Suppose I have expression, like

double d = 1.1 + x + 2.2 + 3.3; // we have double x in scope

here the compiler must generate code that will do 3 separate additions an
that order? And emitting code equivalent to expression

double d = x + 6.6;

is not really allowed, just in practice we allow the compiler doing it
anyway with some switch?

IIRC the question for this thread used MSVC which has the /Op [Improve Float
Consistency] option. Which the original poster likely dind't use
consistently.

Paul
 
J

James Curran

According to the Note in the Standard (1.9.15, pg 7, PDF Pg 33):
"operators can be regrouped according to the usual mathematical
rules....[caveat about machines in which overflows produce an
exception]...the above expression statement can be rewritten by the
implementation in any of the above ways because the same result will occur."

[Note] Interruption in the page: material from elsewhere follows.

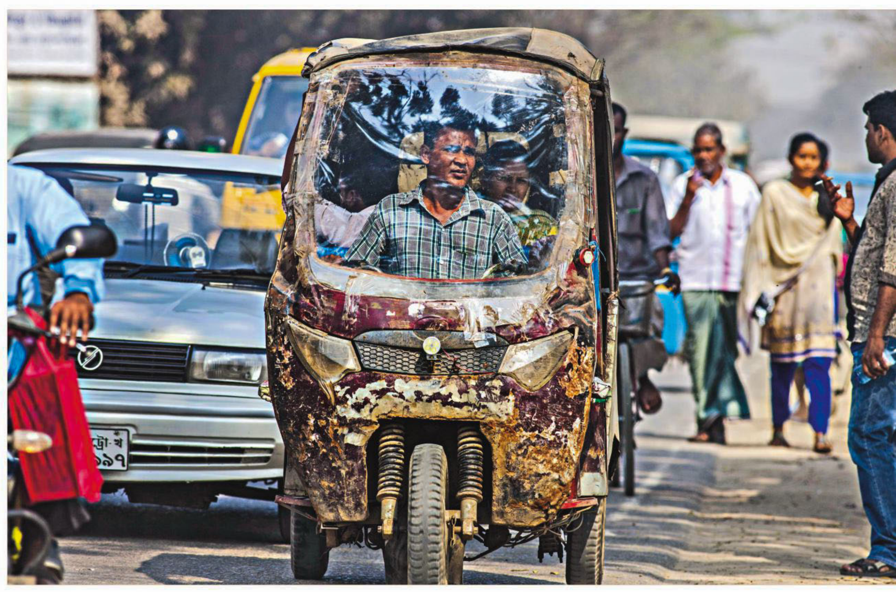
Bent and dented and with a duct-taped plastic sheet as windscreen, this illegal battery-run three-wheeler plies between Mohammadpur and Lalbagh in the capital. The photo was taken on Monday.

AGENCIES US President Donald Trump has fired the acting attorney general, a hold-over from the Obama administration, after she ordered Justice Department attorneys not to defend his controversial immigration orders. In a sharply worded statement, the White House called Sally Yates "weak on borders and very weak on illegal immigration" and also criticised Democrats for not yet confirming the appointment of attorney general-designate Jeff Sessions. "The acting attorney general, Sally Yates, has betrayed the Department of Justice by refusing to enforce a legal order designed to protect the citizens of the United States," the White House said in a statement. "This order was approved as to form and legality by the Department of Justice Office of Legal Counsel," it said. "Tonight, President Trump relieved Ms Yates of her duties." Federal prosecutor Dana Boente will serve as acting attorney general "until Senator Jeff Sessions is finally confirmed by the Senate, where he is being wrongly held up by Democrat senators for strictly political reasons," it said. OBAMA, EU CHIEF SLAM TRAVEL BAN -- PAGE 8 SEE PAGE 2 COL 2

I guess the key point is the meaning of "same result". I was told
(pre-C89) that a C compile could assume infinite precision when reordering
floating point expressions, something not ruled by that statement, and not
addressed (as far as I could see) elsewhere in the Standard.

--
Truth,
James Curran
Home: www.noveltheory.com Work: www.njtheater.com
Blog: www.honestillusion.com Day Job: www.partsearch.com
(note new day job!)
 
E

Ed Avis

P.J. Plauger said:
If you want good floating-point results, you have to:

a) test the quality of your environment,

Is there a good test suite that will work for this? (Both for
detecting hardware failures/bugs and C++ compiler stupidities.)

Not that a test program would eliminate the need to know what you're
doing, of course.
 
R

Ron Natalie

"
I couldn't find it either. Both you and Francis normally know what you are
talking about, so I'll wait for Francis answer before deciding for sure.
The fourth paragraph of section 5 of the C++ standard:
Except where noted, the order of evaluation of operands of individual operators and subexpressions of individual

expressions, and the order in which side effects take place, is unspecified.